Stored dataset items:
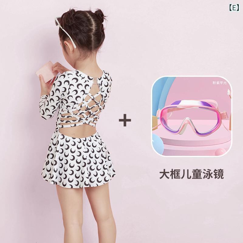 水着 キッズ 女の子 女児 ワンピース 夏 スカートタイプ フリル プリンセス 可愛い ベビー 幼児 小学生 ジュニア プール 海水浴 ポリエステル ホワイト 三日月柄
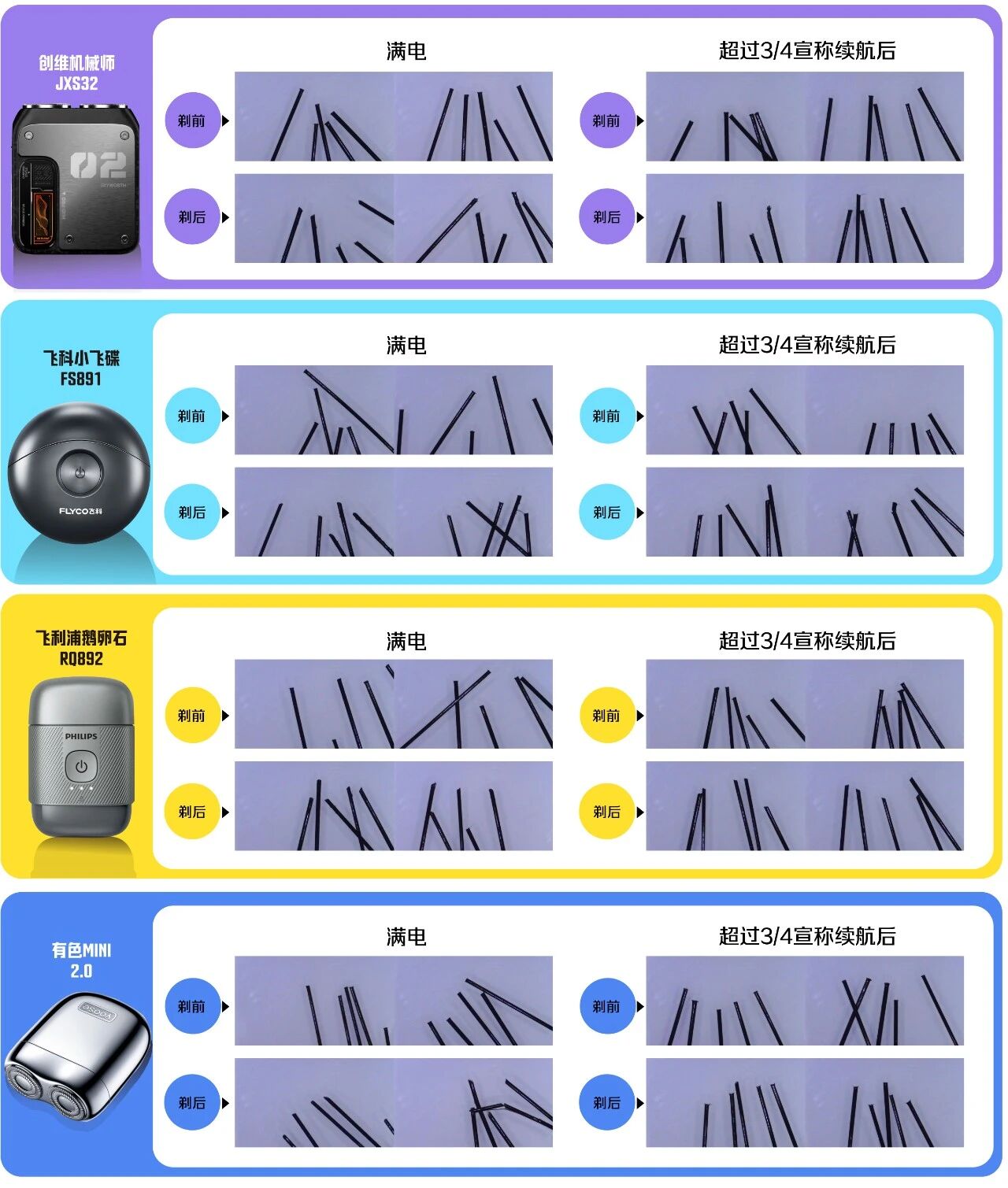 不过,锋利度测试也暴露出个别产品的不足。飞科小飞碟、有色MINI2.0、创维机械师分别在其中一组切割试验里出现切割不完整的情况,这也解释了为何主观评价中有志愿者反馈这3款剃须刀存在“胡须拉拽感”的问题。
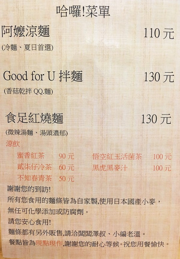 推門走進店裡,店內的座位並不多,有一長桌約可坐5-6人、吧台前的桌位約可坐4位,用餐時間來,座位已剩不多,還好店家協助併桌,讓我們可順利坐下來點餐。目前餐點提供三種:涼麵、香菇乾拌QQ麵、紅燒湯麵,均為套餐內容,價格落於110元至130元間,有麵類主食、一道青菜、一碟沙拉、一杯無糖但好香的桂花茶。乾拌麵還會附一碗味噌湯,份量看似不多,還開玩笑說待會兒要順路去健康路吃不健康消夜,但吃完後很有飽足感,連回家喝杯燕麥都覺得撐。
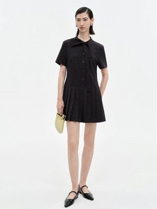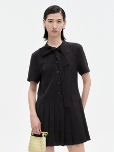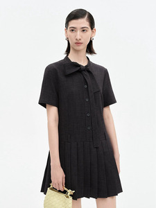 仿麻感深灰色飘带领连衣裙子女夏季新款优雅拼接百褶A字裙 2025年
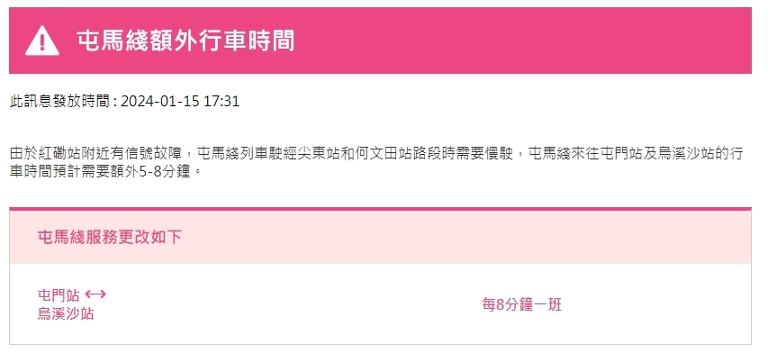 港鐵下午6時27分公布,由於紅磡站附近有信號故障,屯馬綫列車駛經尖東站和何文田站路段時需要慢駛,屯馬綫來往屯門站及烏溪沙站的行車時間預計需要額外10至15分鐘。
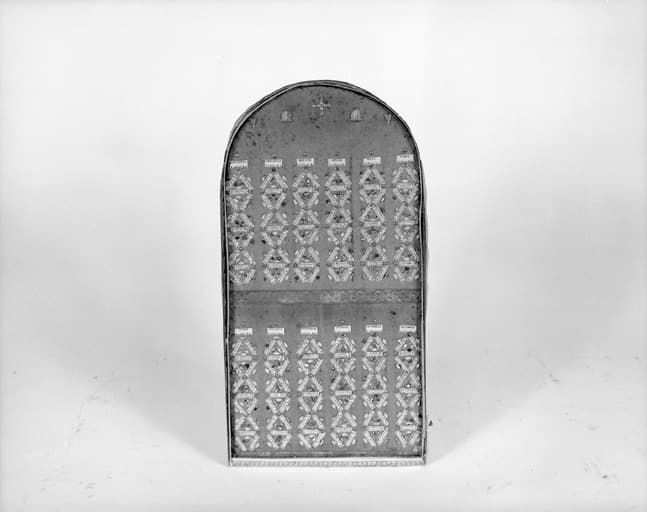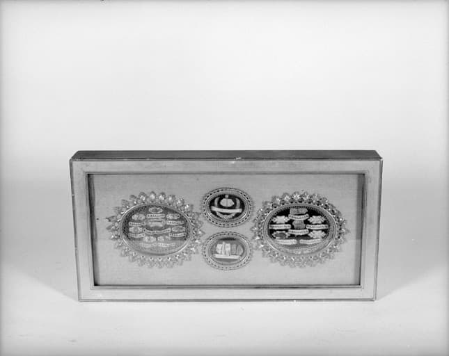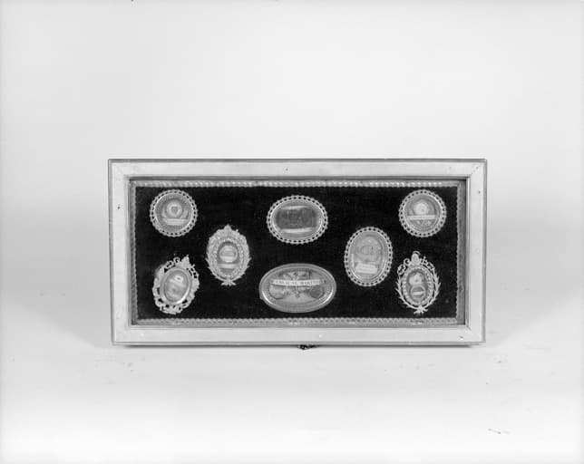 Cadres en bois dans lesquels sont présentés une relique (fragment de tissu, ossement) ou un certain nombre de médaillons ; 4 cadres contiennent une riche ornementation intérieure de paperoles ; 2 s'organisent autour d'une miniature centrale ; les médaillons, ronds ou ovales, sont en argent, cuivre ou laiton.
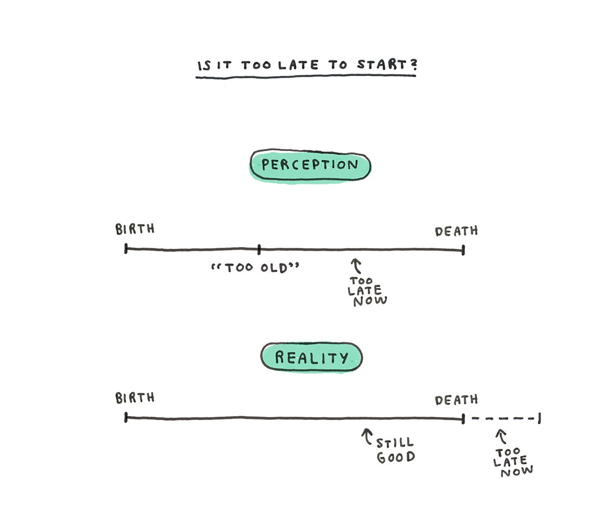 Be the adult leaving your piano lesson as a first grader is arriving. Be the youngest person at your rec centerâs water aerobics class. Itâs never too late (or too early). You might discover youâre great at something you didnât know about. Or even better, you might have a blast. The juicy new neural pathways in your brain will thank you.
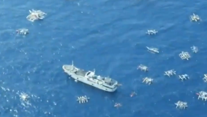相比之下,菲律宾方面出动了20多艘渔船,试图以“群狼战术”突破防线。然而,面对中方严密的海上阵列,菲方船只未能如愿进入预定作业水域。
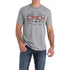 Carbon Gray tri-color cotton-poly jersey tee with black and red front screen print.
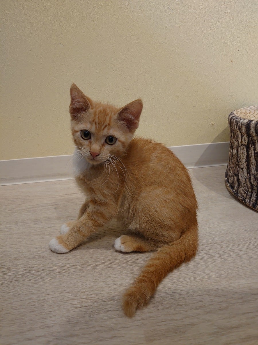麦わらのみかんちゃん。3ヶ月の女の子。少しビビりですがスリゴロで大人しいです。

## What to produce
The lines to repeat start at the one holding "相比之下,菲律宾方面出动了2" and run through the last line of the records above; write them out exactly, both ends included, but not the pictures.

## Result
相比之下,菲律宾方面出动了20多艘渔船,试图以“群狼战术”突破防线。然而,面对中方严密的海上阵列,菲方船只未能如愿进入预定作业水域。
 Carbon Gray tri-color cotton-poly jersey tee with black and red front screen print.
麦わらのみかんちゃん。3ヶ月の女の子。少しビビりですがスリゴロで大人しいです。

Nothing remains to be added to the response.